53 Волошин был призван в армию (уже будучи в России, осенью 1916 года) как ратник ополчения 2-го разряда. Отказ от воинской службы он высказал в письме на имя военного министра: "Я отказываюсь быть солдатом, как европеец, как художник, как поэт: как европеец, несущий в себе сознание единства и неразделимости христианской культуры, я не могу принять участие в братоубийственной и междоусобной войне, каковы бы ни были ее причины. Ответственен не тот, кто начинает, а тот, кто продолжает. Наивным же формулам, что это война за уничтожение войны, я не верю.

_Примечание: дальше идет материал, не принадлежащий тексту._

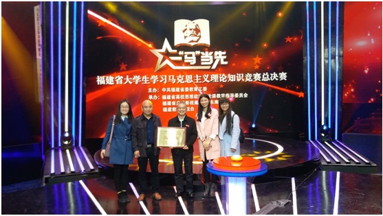 日前,由福建省委教育工委主办的首季福建省高校大学生学习马克思主义理论“一‘马’当先”知识竞赛落下帷幕。金年会代表队表现良好、成绩喜人,以103分的总成绩排名第六名,荣获团体三等奖。金年会jinnianhuicom筹建工作领导小组副组长、福建商专党委书记吴访益应邀参加颁奖仪式。

Как художник, работа которого есть созидание форм, я не могу принять участие в деле разрушения форм -- и в том числе самой совершенной -- храма человеческого тела.
Как поэт, я не имею права поднимать меч, раз мне дано Слово, и принимать участие в раздоре, раз мой долг -- понимание.
Тот, кто убежден, что лучше быть убитым, чем убивать, и что лучше быть побежденным, чем победителем, так как поражение на физическом плане есть победа на духовном, -- не может быть солдатом" (ИРЛИ).
Освобожден же Волошин был из-за поврежденной правой руки (при падении с велосипеда в 1910 г.).